Playing By Rules v. Ineffective Assistance of Counsel

Critics of the way the criminal courts work frequently complain that convicted criminals drag out the process with endless appeals, but a decision today from the Colorado Supreme Court aptly illustrates why the system is itself set up to generate multi-layered appeals.  In our legal system, a clear procedural mistake by the defendant’s lawyer can keep key evidence from the jury at trial, but when it does, this sets up an ineffective assistance of counsel claim in a motion for post-trial relief years later that could lead to a re-trial.The Colorado Supreme Court ruled without dissent today, in a fairly ordinary decision, in a criminal case about the procedural rules for introducing certain kinds of evidence.

Colorado law provides that if a criminal defendant is going to use expert testimony to address a mental condition, that his lawyer has to give advanced notice to the prosecution of the claim.  In this case, the defense claimed at trial that the defendant in a rape case, who has an I.Q. of 68, is prone to agreeing with whatever anyone tells him to say.  So, the defense wanted to argue with expert testimony that his confession should be doubted.  The Colorado Supreme Court held that this evidence was properly excluded because the defendant’s lawyer didn’t give the proper notice. This is bad news for the rape defendant convicted in this case in part on the basis of his confession which may have been untruthworthy given the defendant’s low I.Q..

But, the 6th Amendment of the United States Constitution, which applies to the states through the 14th Amendment to the Constitution, gives criminal defendants a constitutional right to effective assistance of counsel, as does the Colorado Constitution.  Our legal system does not hold criminal defendants fully responsible for the mistakes of their lawyers in the way that it does in civil cases.  Our system of justice says that an innocent person should not be in prison simply because their, often court appointed, lawyer made a mistake. 

It is hard to imagine a more clear case of a situation where a lawyer’s performance was deficient, as the Colorado Supreme Court just said that it was in this particular case, and where that deficiency prejudiced the defendant, by depriving him of one of his only credible defenses in the face of his own confession.  So, the case decided by the Colorado Supreme Court today (assuming that the defendant loses on issues reopened for consideration when the lower courts apply this opinion) is a classic case where the criminal defendant will be able to claim ineffective assistance of counsel and ultimately obtain a retrial.  Given the seriousness of the charge, it is also unlikely that the case will be made moot by the defendant’s release before trial.  This case is a post-conviction review motion based upon ineffective assistance of counsel waiting to happen.

But, at least in Colorado, as the Colorado Court of Appeals noted in a case last week, ordinarily, ineffective assistance of counsel claims are suppposed to be brought in post-conviction review, rather than in an appeal directly following a conviction.
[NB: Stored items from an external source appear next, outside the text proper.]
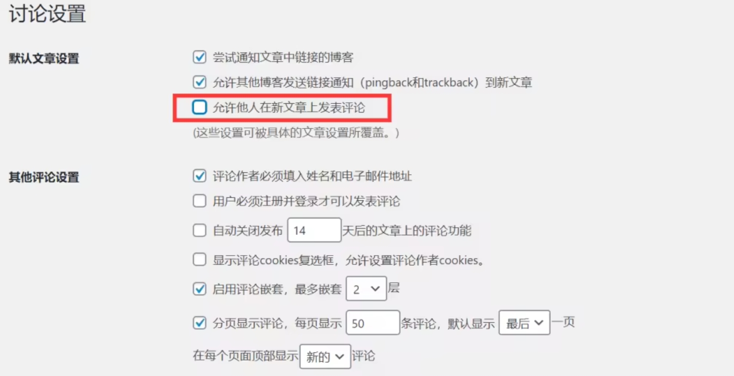 这是最懒人的一种办法。或许你的网站根本不需要使用到评论功能,为了保护自己免受垃圾评论的骚扰,干脆禁用它们。最简单的方法之一就是取消选中“ 设置”>“讨论”下的“ 允许他人在新文章上发表评论”选项。如下图所示: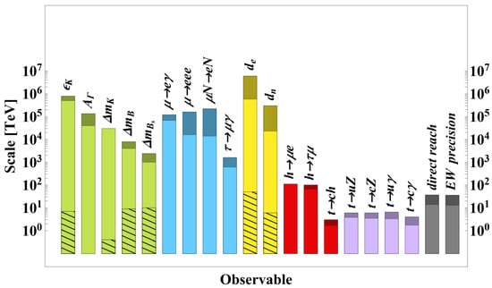 New Physics scales to be indirectly probed by the indicated observables. The darkened areas are the “naïve” New Physics scales, by assuming the Wilson coefficients of order one, the coloured bars indicate the inherent New Physics scales assuming weak interaction strengths, and the hatched areas account for loop suppression due to higher-order effects. Figure taken from ref. [37].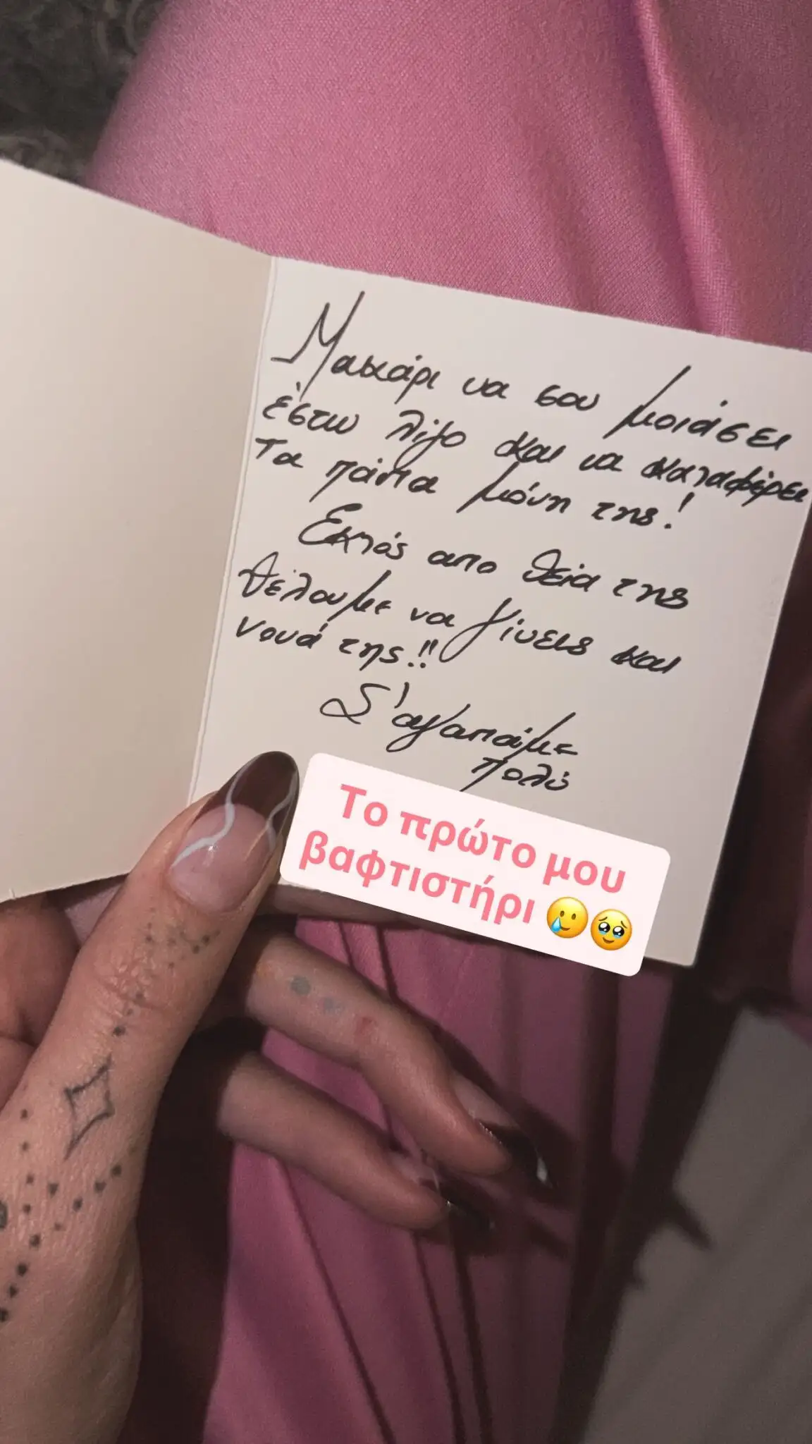 Μάλιστα, η χαρά της έγινε ακόμα μεγαλύτερη όταν της ζητήθηκε να βαφτίσει τη μικρή που έρχεται. Η πρόταση έγινε με τον πιο τρυφερό τρόπο, μέσα από ένα συμβολικό δώρο: μια κούπα που έγραφε «Νονά, σε αγαπώ» και μια κάρτα με το συγκινητικό μήνυμα: «Μακάρι να σου μοιάσει έστω και λίγο, και να καταφέρει τα πάντα μόνη της! Εκτός από θεία της, θέλουμε να γίνεις και νονά της. Σε αγαπάμε πολύ!».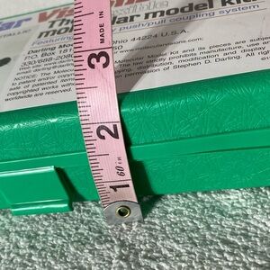 Great vintage condition. Minimal signs of wear. There are no instructions or manifest. I am pretty sure that all the pieces are there but I cannot confirm 100%. I have looked at other kits online that claim to be full sets and it appears this one might have a few extra pieces, cannot confirm. I bought it used and I have never been able to get it closed properly, see pics. Will be shipped AS IS.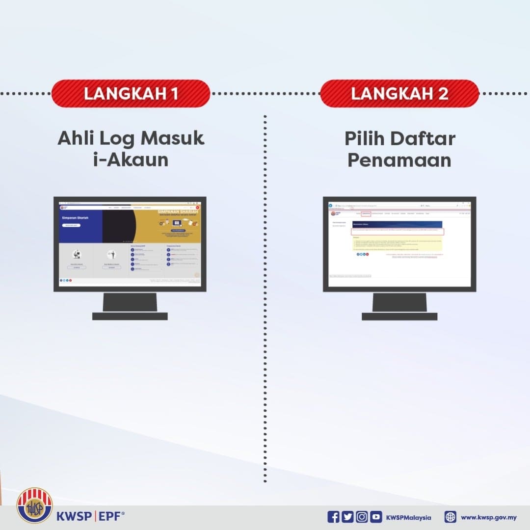 Employees can register or update their nomination through the i-Akaun app or web portal. The usual steps are: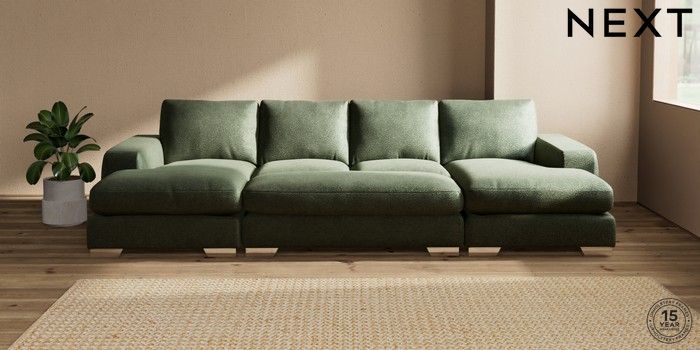 7.3.1 Buy Houghton Deep Relaxed Sit Large - U Shaped Double Chaise with Footstool Boucle Chenille Dark Moss Green Large Square Angle - Chrome Metal from the Seasons online shop Click here to use our website with more accessibility support, for example screen readers

In other words, if a judge gets a ruling wrong in a criminal case, the defendant may have the problem corrected relatively promptly, in a direct appeal of a conviction, which usually takes one to two years after a conviction.  But, if the defendant is harmed by his, often court appointed, lawyer’s mistake, several additional years of delay, during which the defendant is normally in prison, are typically involved.  When a defense lawyer makes a serious mistake, a post-conviction appeal is not just possible, but is the expected format in which a criminal defendant seeks review of a conviction.

This rule does have the effect of still maintaining an incentive for criminal defense lawyers to do a good job at trial for their clients.  Their clients will be hurt if they don’t, and the professional disposition of lawyers is such that they simply like winning, or at least, not hurting their clients.  But, this is cold comfort for a wrongfully convicted defendant unlucky enough to experience a bad result as a result of one government employee’s mistake (that of his defense lawyer) rather than another (the judge).

The rules weren’t set up to be inefficient in cases like this one by design.  Until the late 1960s, it was virtually impossible to argue that a conviction should be set aside for ineffective assistance of counsel, because the right of a criminal defendant to a lawyer in state court, where the vast majority of criminal cases are tried, was not well established.  The rules of criminal procedure, in contrast, have intellectual roots that are far older.  But, our highly adversarial system of criminal justice hasn’t yet fully come to terms with the idea that while it is adversarial, that if one side’s lawyer is an idiot, that the results are not binding.

None of this, of course, implies that the defendant in this case was not guilty.  Our legal system does not make mental retardation a full defense to rape charges, only an evidentiary factor to be considered by a jury when it determines guilt or innocence.  It is also one factor among many to consider at sentencing, within the fairly narrow boundaries of mandatory sentencing rules for sex offenses.  But, the defendant in this case does bear the cost of his lawyer’s procedural mistake, at the very least, with an extended prison sentence before review of the process that put him in prison is available.